Unfortunately, working with a bully is not a rare experience. According to the Workplace Bullying Institute, 27% of survey respondents reported having experience with bullies at their places of employment. It’s particularly tragic that the majority of bullies, statistically, are bosses. I’ve had to deal with bullies either directly or on behalf of someone else in various jobs, and most of the other professionals I know have as well. Some of them are dealing with a bully right now.
The worst part about dealing with a bully is trying to decide whether it’s best to ignore the behavior, even though that means giving the bully tacit permission to keep on keeping on, or to stand up to the bully and possibly be seen as a troublemaker.
If you’re reading this, you may be dealing with a bully yourself or know someone who is. You might be wondering what to do about it. It’s important to take a look at what is really at stake here. Is this person trying to damage your reputation? Are they just really annoying or rude? Is this person the only bully at work or are you noticing a culture of bullying?
The worst types of bullies to have at work, especially if you really need the job you’re in and aren’t ready to move on, are the ones who can make you look less competent than you are. They might sabotage projects by hiding key pieces of information from you. If you ask to cut them out of your process, you might be seen as not being a “team player.” It’s amazing how some bullies can seem dim-witted about certain things, yet they are masters at making someone else’s life miserable when they commit to doing so.
Handling a Bully in the Workplace
As with most types of workplace behaviors—assuming they are not egregious, threatening, or dangerous—the first round of intervention should be sitting down privately with the bully in a nonconfrontational way and just pointing out the facts of whatever it is that is troubling you and how the other person factors in. This lets the other person know you are aware they are contributing to the issue, but invites them to help problem solve.
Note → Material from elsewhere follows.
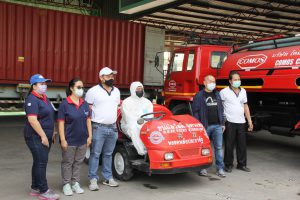 เมื่อเวลา 09.30 น.วันที่ 15 มกราคม 2564 ที่บริษัท โคมอส คอร์ปอเรชั่น จำกัด ซ.องค์การสะพานปลา ถ.ท้ายบ้าน ต.ท้ายบ้าน อ.เมืองสมุทรปราการ จากสถานการณ์การแพร่ระบาดของโรคติดต่อเชื้อไวรัสโควิด-19 ระลอกใหม่ เกิดขึ้นในพื้นที่จังหวัดสมุทรปราการ และจังหวัดใกล้เคียงอย่างต่อเนื่อง ทางบริษัท โคมอส คอร์ปอเรชั่น จำกัด นำโดย “เฮียเอี๋ยว” สุดใจ จิรยาภากร ประธานบริหาร บริษัท โคมอส คอร์ปอเรชั่น จำกัด ประธาน กก.ตร. สถานีตำรวจภูธรเมืองสมุทรปราการ และนายสิรภพ จิรยาภากร รองประธาน บริษัท โคมอส คอร์ปอเรชั่น จำกัด จึงได้ตระหนักถึงความปลอดภัยของพนักงาน และส่วนรวม โดยได้ดำเนินการนำรถตัวหนอนพ่นไอน้ำ ขนาด 400 ลิตร ลุยฉีดพ่นน้ำยาฆ่าเชื้อโรคและแบคทีเรีย บริเวณโดยรอบ บริษัท โคมอส คอร์ปอเรชั่น จำกัด ทั้งนี้ เพื่อสร้างความมั่นใจ และคุณภาพชีวิตให้แก่พนักงาน และส่วนรวม ในการป้องกันและควบคุมการแพร่ระบาดของโรคติดต่อเชื้อไวรัสโควิด-19

I know. You don’t want to problem solve with a bully. You shouldn’t have to. They’re annoying and mean. It’s worth trying to take the high road, though.
I know. You don’t want to problem solve with a bully. You shouldn’t have to. They’re annoying and mean. It’s worth trying to take the high road, though. At worst, you can document that you took initiative and made a good-faith attempt to improve the situation.
If that intervention fails, it’s time to get your supervisor and possibly human resources (HR) involved. You’ll want to have documentation of behaviors (including dates and details) and your attempts to address them.
The rules of thumb for handling general conflict apply when it comes to handling a workplace bully at any stage:
- Stick to measurable, observable data.
- Use “I” statements as much as possible. Saying “you” tends to put people on the defensive.
- Be prepared to compromise.
- Document everything. Save emails, voicemails, screengrabs, etc.
- Try not to involve more people than are needed; you don’t want office gossip.
- Find a way to reliably unwind at the end of the day.
What to Expect When Taking On a Bully
Bullies exist in workplaces because few people attempt to take them on. If you choose to, be prepared for a potentially long and mostly thankless journey. Aside from improving your work environment, the upsides include finally getting validation that you aren’t “crazy” for believing this other person was being manipulative and passive-aggressive. The downsides include awkward meetings with people who may or may not be sympathetic, as well as being subject to the bully’s side of the story, which could call your motives into question.
Taking on a workplace bully takes courage, but if you are invested in making a difference in your workplace culture, it’s a worthy cause. Just be sure to maintain professionalism, document, document, and document some more, and be prepared for some pushback.